■ PROBLEM DETAILS:
Output, exactly and with no pictures, the line that contains "La Domenica del" and every line that comes after it in the data below, the last one included.

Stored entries

# # # # #

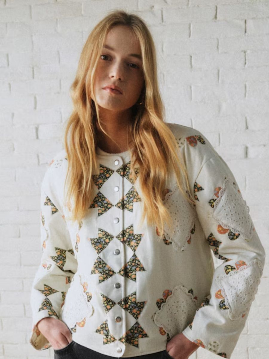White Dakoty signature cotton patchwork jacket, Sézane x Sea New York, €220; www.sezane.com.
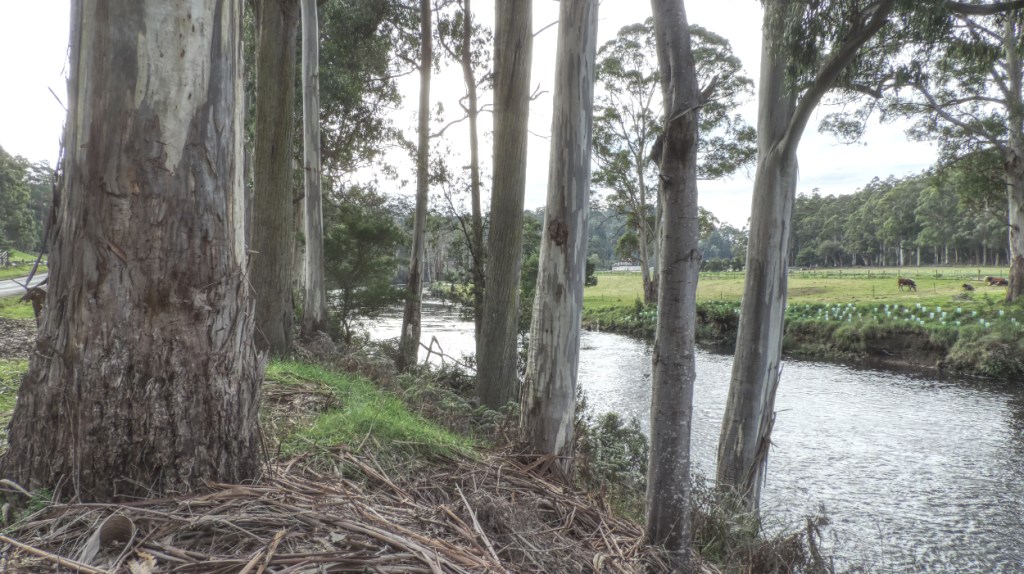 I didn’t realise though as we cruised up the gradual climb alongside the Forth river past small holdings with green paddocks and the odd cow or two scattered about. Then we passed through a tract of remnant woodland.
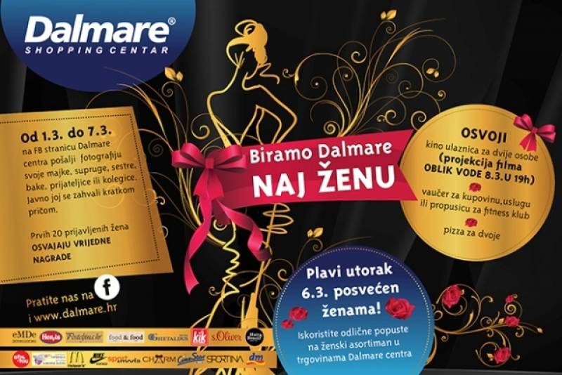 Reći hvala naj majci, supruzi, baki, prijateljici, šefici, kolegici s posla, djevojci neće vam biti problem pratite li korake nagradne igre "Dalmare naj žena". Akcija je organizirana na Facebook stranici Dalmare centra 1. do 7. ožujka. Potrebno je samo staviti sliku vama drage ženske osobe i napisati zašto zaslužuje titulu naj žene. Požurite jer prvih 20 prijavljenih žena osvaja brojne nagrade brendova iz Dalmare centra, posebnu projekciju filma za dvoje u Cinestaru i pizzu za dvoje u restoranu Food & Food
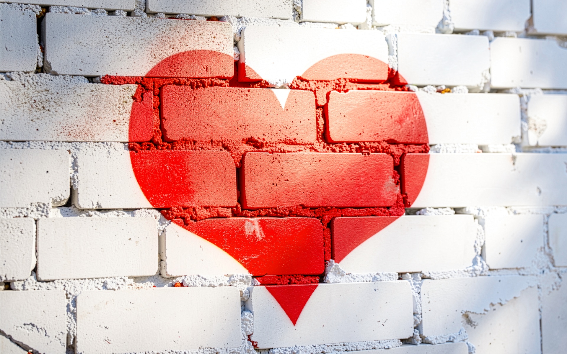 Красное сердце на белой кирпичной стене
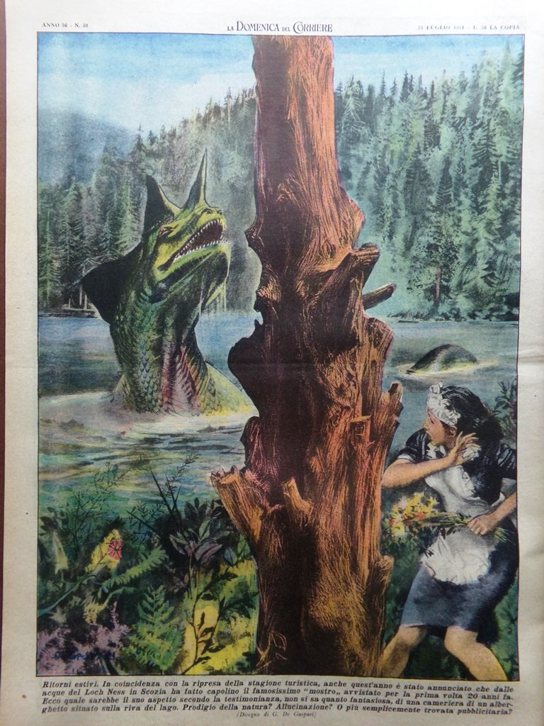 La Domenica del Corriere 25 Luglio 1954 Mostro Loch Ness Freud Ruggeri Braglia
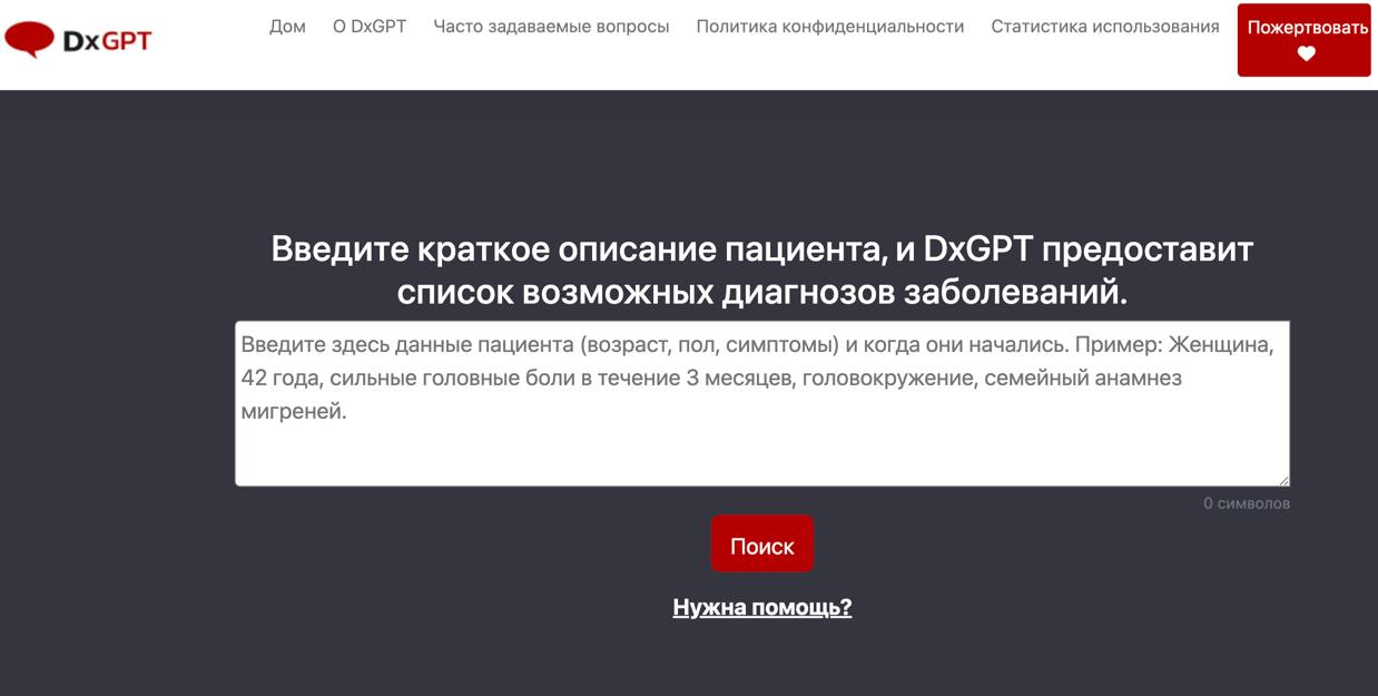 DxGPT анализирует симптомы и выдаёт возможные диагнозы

# # # # #

■ FINISHED EXERCISE:
 La Domenica del Corriere 25 Luglio 1954 Mostro Loch Ness Freud Ruggeri Braglia
 DxGPT анализирует симптомы и выдаёт возможные диагнозы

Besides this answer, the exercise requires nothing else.